Video conferencing means never having to miss Thanksgiving dinner again.
Even the U.S. astronauts orbiting the Earth aboard the International Space Station will use the technology to visit with their families face-to-face while eating turkey and watching football this November–NASA’s been using video communication since the 1960s, so they’re used to long-distance holiday festivities by now.
That’s the furthest any Thanksgiving video call will reach this year, but the astronauts 250 miles above us won’t have access to all the video conferencing tricks and tools that can make a remote dinner seem as intimate as sharing a table with your loved ones.
So, you could hold off on the video-calling trimmings and have a simple, Skype-style face-to-face video chat like the astronauts do. Or, you could indulge yourself with virtual reality, shared media streams, a robot stand-in, and other video conferencing technologies, and have a virtual Thanksgiving dinner to make NASA jealous.
Video Calling Knows How to Party
The staff at VC Daily loves a party as much as anyone in this digital world. That’s why we’ve spent so much time exploring ways to push the use of video calling beyond the simple everyone-crowd-around-the-iPhone-and-wave-to-grandma type of holiday connection.
Video can carry more than just faces and voices. It can let us sing together, dance together, cook together, and convey the energy of a music festival or the intimacy of a first date.
Here are a few ideas we’ve previously explored that could let you celebrate a virtual Thanksgiving in high-tech style:
- Mount video call-enabled iPads like picture frames on your walls and let remote guests mingle at a party.
- Use high-speed internet connections to stage long-distance singalongs around the family piano.
- Gather over a group video chat and take a roast turkey cooking lesson together.
- Use a virtual whiteboard app to play games with distant friends, family, or colleagues.
- Project interactive children’s entertainment right into the living room with holographic video calling.
Thanksgiving, though, is usually a little more intimate, more sedate than most of those energetic video-calling applications.
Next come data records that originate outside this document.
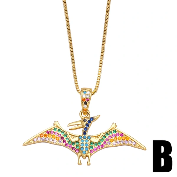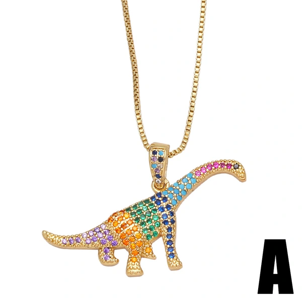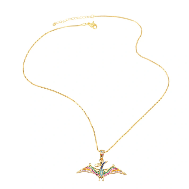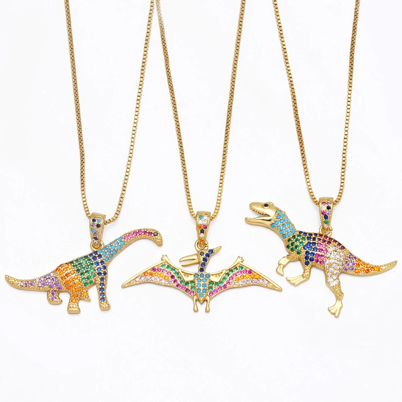 Collar con colgante de dinosaurio y diseño de nicho de joyería europea y americana, con personalidad femenina y microincrustaciones de circonitas de colores NKB103
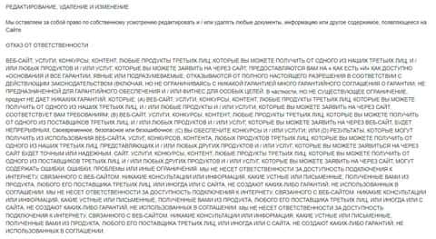 Далее практически все условия сотрудничества у аферистов Инфинити Апп состоят из "воды" о разных моментах работы шулеров. Но вот заканчиваются условия у мошенников Infinity App информацией о том, что аферисты могут в любой момент изменять данные условия, а так же что лохотрон Инфинити Апп отказывается от ответственности за услуги, предоставленные ими.
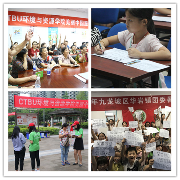 近日,环境与资源学院“美丽中国”实践团走进九龙坡区华岩镇田坝村社区开展了为期一周的暑期嘉年华活动。活动中,志愿者们不仅开设了多彩的兴趣课程,还结合所学专业知识,开展了有关垃圾分类科普知识宣讲,社区垃圾桶分类回收标志实物化等活动,使社区人民受益匪浅。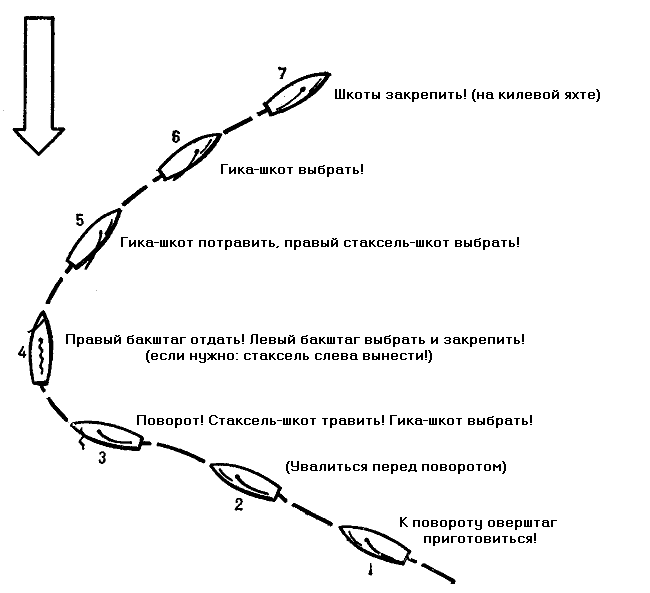 легких швертботов и 40—50° для имеющих большую инерцию килевых яхт и тяжелых крейсерских швертботов. Поворот через фордевинд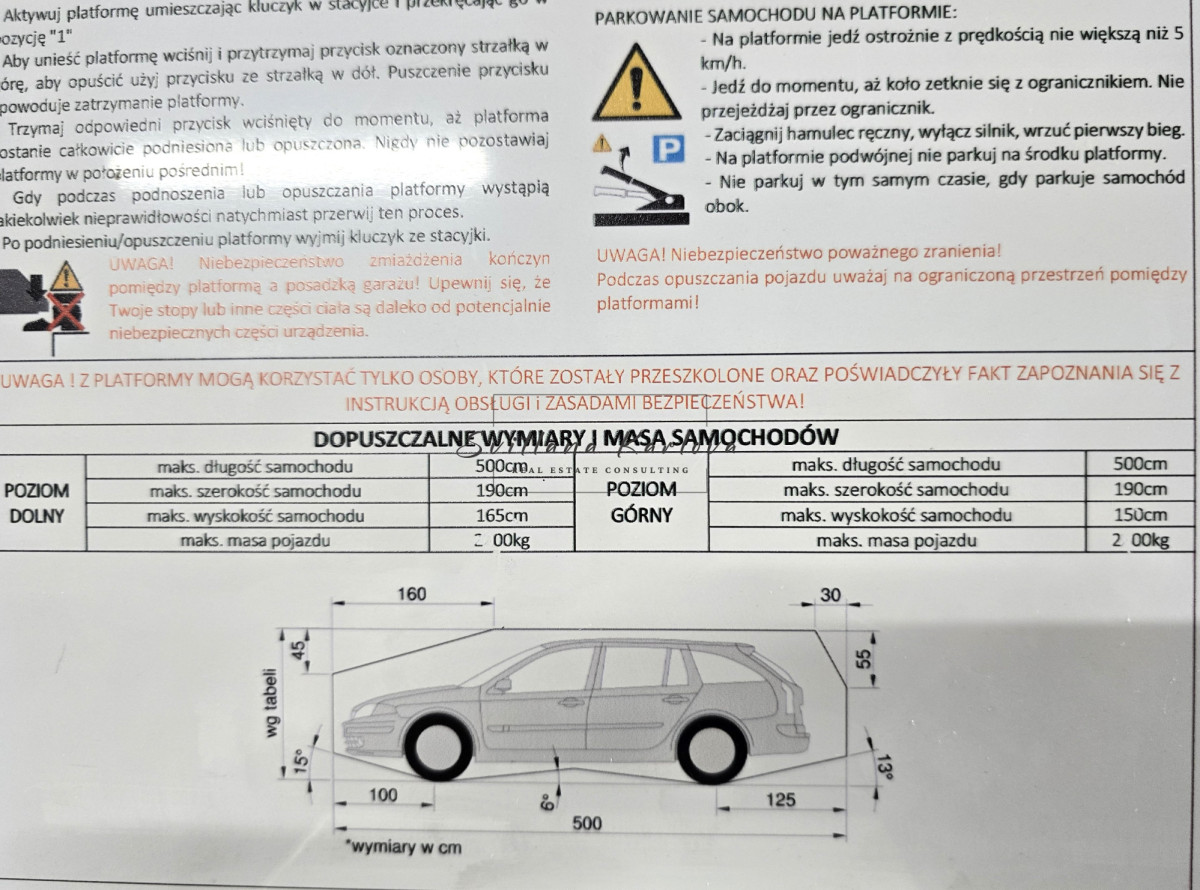 - Miejsce postojowe na platformie górnej w garażu - 200zł (Możliwość wynajęcia od sąsiadów miejsca parkingowego w garażu na duży samochód za dodatkową opłatą).

What it really needs is a way to create a shared space where people can relax together.
A Shared Thanksgiving Space
If you come from a family of huggers, there’s a type of video calling that will grant you a physical presence at Thanksgiving even if you’re hundreds of miles away. Its called telepresence, and, essentially, it’s like strapping your webcam to a robot and having it wander around a party in your stead. The best units will cost you around $4,000, and they look a bit like an iPad attached to a scooter, but with a simple remote control, the unit can freely move around a party. If you ever had an uncle walk around a family get-together with a camcorder permanently attached to his face, interviewing anyone he could corner, well, that’d be you…you could even drape a dorky sweater over it.
Alternatively, you could create the reverse situation and meet your friends and family in a wholly digital place, where people scattered around the country inhabit a computer-generated living room. Apps like AltSpace VR and newcomer Rumii specialize in creating fully customizable virtual reality platforms where groups of people can mingle in real-time using video calling. You could potentially recreate the family home online, or all gather around a virtual dinner table, each guest with a plate of the same real-world dish in front of them, and talk and toast through the night.
If you took up our earlier suggestion of shared online turkey roasting, and stuffed yourself around a virtual dinner table, you’ll probably be looking for a digital couch somewhere to chat quietly while pretending to watch football or holiday movies.
Video conferencing can provide that too.
A Virtual Thanksgiving Dinner After-Party
There are several video conferencing apps that have begun embracing the digital nature of video calling. These innovators turn the internet from the foundation of a video call into the reason for calling. Free apps like Airtime, Rabbit, and ooVoo allow groups of people to simultaneously watch streaming media, like Youtube or Netflix, and see and hear each other the entire time. When it works, it’s like watching TV together on the same couch.
It would be a great way to enjoy the interactive version of A Charlie Brown Thanksgiving, or the Macy’s Thanksgiving Day Parade, or your own family’s favorite holiday movie. The NFL has been experimenting with social media broadcasts of its games recently, so maybe you’ll be able to enjoy traditional Thanksgiving football over a video call in the near future, as well.
All these evolving forms of video conferencing mean you can recreate your remote Thanksgiving in any tradition or form that fits your family, even if your family, like mine, is a little nutty and spread across the country from Albuquerque to Queens. You might not be there to carve the turkey in person, but you don’t have to feel you’re a world away from your loved ones.